With his potential opponents out of the way, Cornelisz and his followers subsequently began a reign of terror on the island, raping, murdering and terrorizing the helpless passengers and crew who were not part of their conspiracy. Nearly three weeks after Hayes' departure to the "high islands," a smoke signal was received from one of them; Wiebbe Hayes and his soldiers had found fresh water. This complicated matters greatly for Cornelisz, who had believed the stranded group were either dead or dying. First, it meant they had a means to survive. Secondly, he was in danger of their warning any rescue ship approaching. Initially, Cornelisz ignored the smoke, and Hayes wondered why no one came to their island. Then, in the days that followed, a small group of survivors from Cornelisz's reign of terror began to drift across the lagoon to Hayes' location on makeshift rafts with stories of atrocities including rape, murder and massacre.

Despite being outranked by two cadets and other VOC officials, Hayes took command of the group and acted quickly to organise a defence of the island.
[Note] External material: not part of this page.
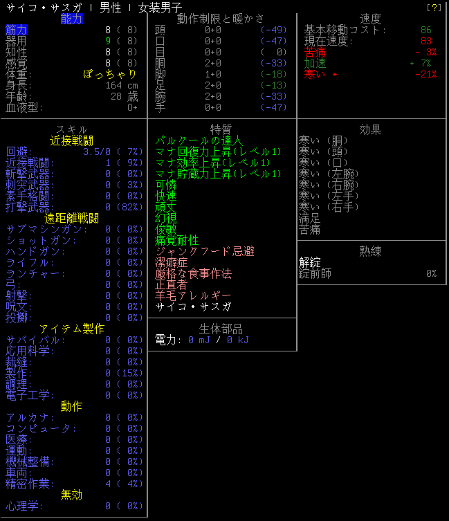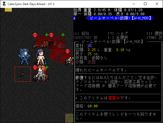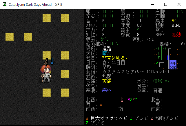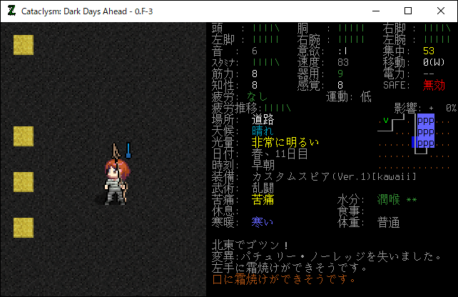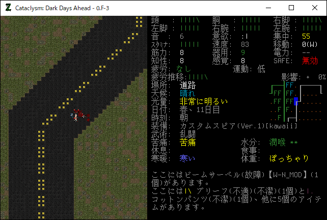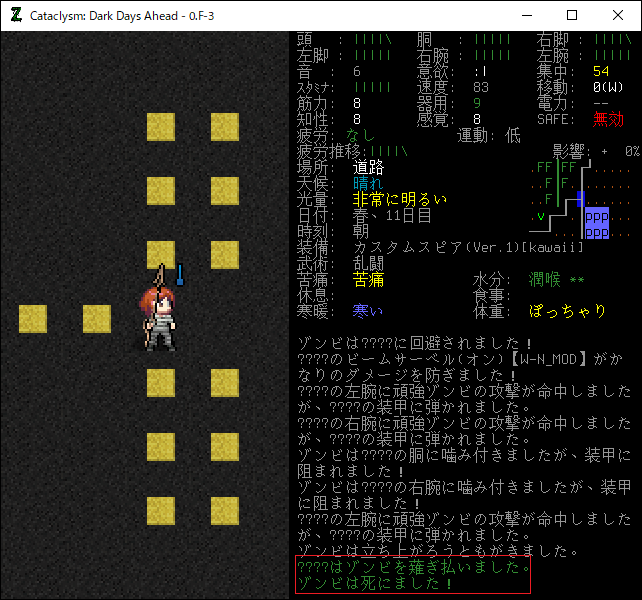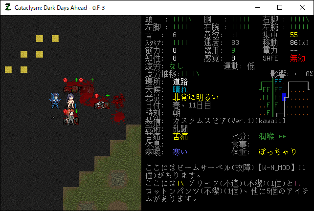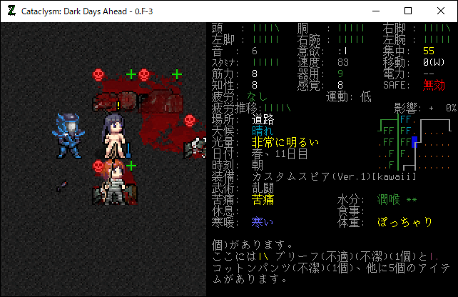 この投稿は「Cataclysm Dark Days Ahead」のプレイ日記です。目次はこちら。前回のプレイ日記はこちら。

He improvised weapons such as cudgels, pikes, and planks from the Batavia wreckage with 16 inch carpenter's nails driven through them. On the top of a slope, which the attackers would have to climb after landing, he used dry stones to build a small fort, erected near the freshwater well. Within the enclosure, his men piled up a large heap of heavy rocks and sharp stones to hurl at the attackers should they attempt to storm the fort.

During August and September, Cornelisz's gang made three attempts to take the island, but were repelled each time. On the third attempt, Cornelisz himself was taken prisoner and his best three lieutenants were killed. As a result, the rest of the mutineers fled in panic. On 17 September, the mutineers made a fourth and final attempt to take the island armed with two muskets and were winning the battle by firing from a distance. In the very midst of hostilities, however, a sail unexpectedly appeared on the horizon—that of the small VOC ship under the command of Pelsaert, who had returned. Hayes once again acted more quickly than the mutineers, and organized a party to row to the rescue ship, warning them of the mutineers' intentions. When the mutineers reached Pelsaert's vessel, they found their scheme had been discovered, and surrendered without a fight, some of them breaking down and spontaneously confessing to horrendous crimes.

=== Aftermath ===
Pelsaert promoted Hayes on the spot to the rank of sergeant at a salary of 18 guilders per month—twice his former wage—and placed him in charge of all surviving soldiers. Upon arriving at Batavia, Wiebbe Hayes became a national hero, was decorated by the VOC and was promoted to the rank of standard-bearer, with another significant increase in pay.

The record of the promotion is also the last time Hayes is mentioned in the Dutch archives, and therefore nothing is known of his subsequent fate. He is remembered by his actions that bear witness to his strength of character, military ability, natural leadership, good judgement and courage. The remnants of defensive walls and stone shelters built by Wiebbe Hayes and his men on West Wallabi Island are Australia's oldest known European structures. The Wiebbe Hayes Stone Fort and the well can still be seen to this day.

In the 1970s, the wreck of the Batavia was located and many artifacts were salvaged. Some of them are now on exhibition at the Batavia Gallery in Fremantle, Western Australia.